DIRECTIONS:
Your answer should hold the data exactly as given, minus any picture.

GIVEN INFORMATION:
====
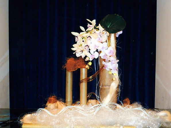 29日のいけ花デモンストレーションは、タッソー劇場の舞台上で行なわれました。日本のイメージを竹の花器と水引で、ソレントの海のブルーと白波のイメージをいけ花で表現して好評を博すことができました。会場のエントランスに置かれた作品は多くの方々がご覧になり写真を撮られていました。
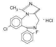 Midazolam ist eine weiße bis hellgelbe kristalline Verbindung, die in Wasser unlöslich ist. Das gebildete Hydrochloridsalz von Midazolam vor Ort ist löslich in wässrigen Lösungen. Chemisch Midazolam HCl ist 8-Chlor-6- (2-Fluorphenyl) -1-methyl-4 H - Imidazo [15-A] [14] Benzodiazepinhydrochlorid. Midazolamhydrochlorid hat die molekulare Formel C. 18 H 13 Clfn 3 • HCl A berechnetes Molekulargewicht von 362,25 und die folgende Strukturformel:
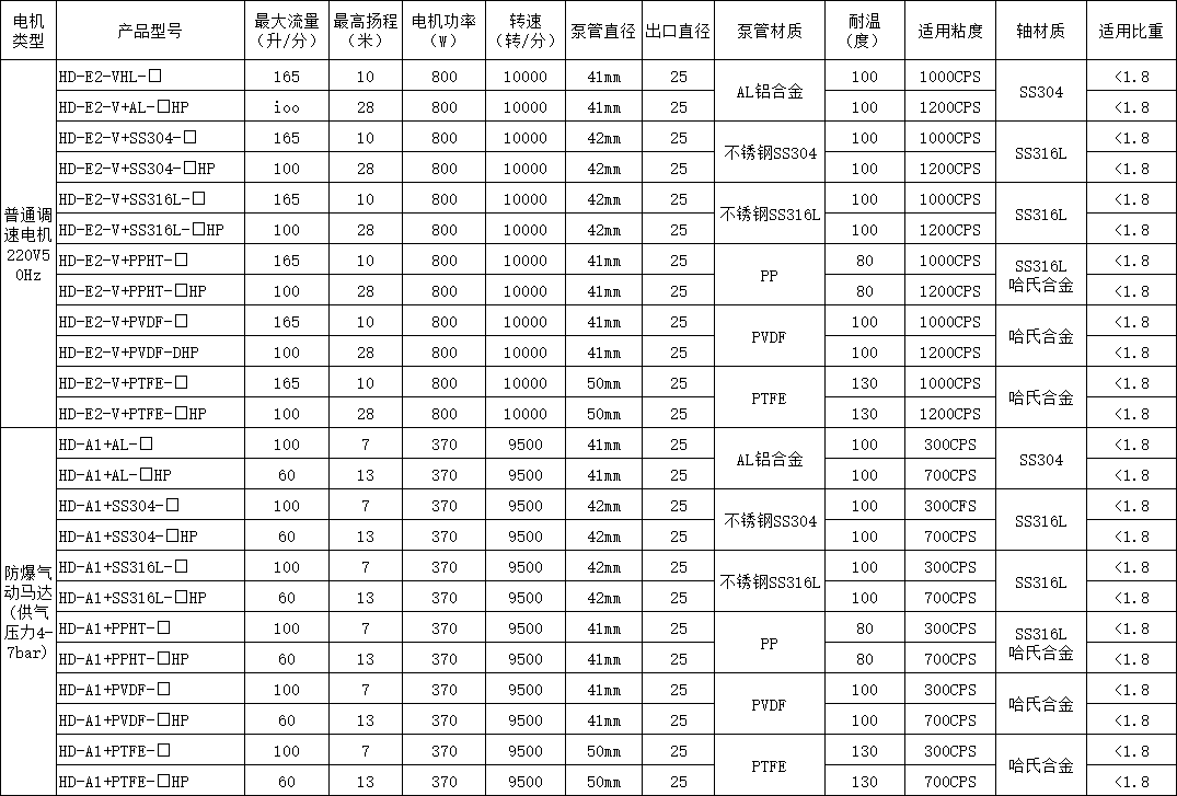 HD系列電動抽油泵根據所輸送的液體性質,泵體沾濕部分材料可選用鋁合金、優質不銹鋼,增強聚丙烯等組成。驅動電機配備單相標準電機,防爆電機,高轉速電機等多種選擇。電機外殼采用優質PC聚碳合成塑料,根據所配置泵體材質和電機的不同,型號可分為三大系列10種型號,該系列泵可按防爆區域和非防爆區域選用,如在易燃易場合使用,可選用我公司生產的防爆型電動抽液泵。使用防爆型電動抽液泵時應正確使用防爆插頭插座。RPP塑料:非較性、無污染、有耐酸堿鹽類等腐蝕性化學液體。工作溫度:-14~100℃。
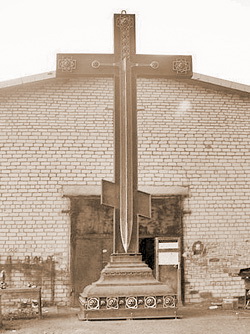 | Железный крест, уготованный для Себежского городища властями Себежского района, «украсили» многометровым мечом. |
====
SOLUTION TO THE EXERCISE:
 29日のいけ花デモンストレーションは、タッソー劇場の舞台上で行なわれました。日本のイメージを竹の花器と水引で、ソレントの海のブルーと白波のイメージをいけ花で表現して好評を博すことができました。会場のエントランスに置かれた作品は多くの方々がご覧になり写真を撮られていました。
 Midazolam ist eine weiße bis hellgelbe kristalline Verbindung, die in Wasser unlöslich ist. Das gebildete Hydrochloridsalz von Midazolam vor Ort ist löslich in wässrigen Lösungen. Chemisch Midazolam HCl ist 8-Chlor-6- (2-Fluorphenyl) -1-methyl-4 H - Imidazo [15-A] [14] Benzodiazepinhydrochlorid. Midazolamhydrochlorid hat die molekulare Formel C. 18 H 13 Clfn 3 • HCl A berechnetes Molekulargewicht von 362,25 und die folgende Strukturformel:
 HD系列電動抽油泵根據所輸送的液體性質,泵體沾濕部分材料可選用鋁合金、優質不銹鋼,增強聚丙烯等組成。驅動電機配備單相標準電機,防爆電機,高轉速電機等多種選擇。電機外殼采用優質PC聚碳合成塑料,根據所配置泵體材質和電機的不同,型號可分為三大系列10種型號,該系列泵可按防爆區域和非防爆區域選用,如在易燃易場合使用,可選用我公司生產的防爆型電動抽液泵。使用防爆型電動抽液泵時應正確使用防爆插頭插座。RPP塑料:非較性、無污染、有耐酸堿鹽類等腐蝕性化學液體。工作溫度:-14~100℃。
 | Железный крест, уготованный для Себежского городища властями Себежского района, «украсили» многометровым мечом. |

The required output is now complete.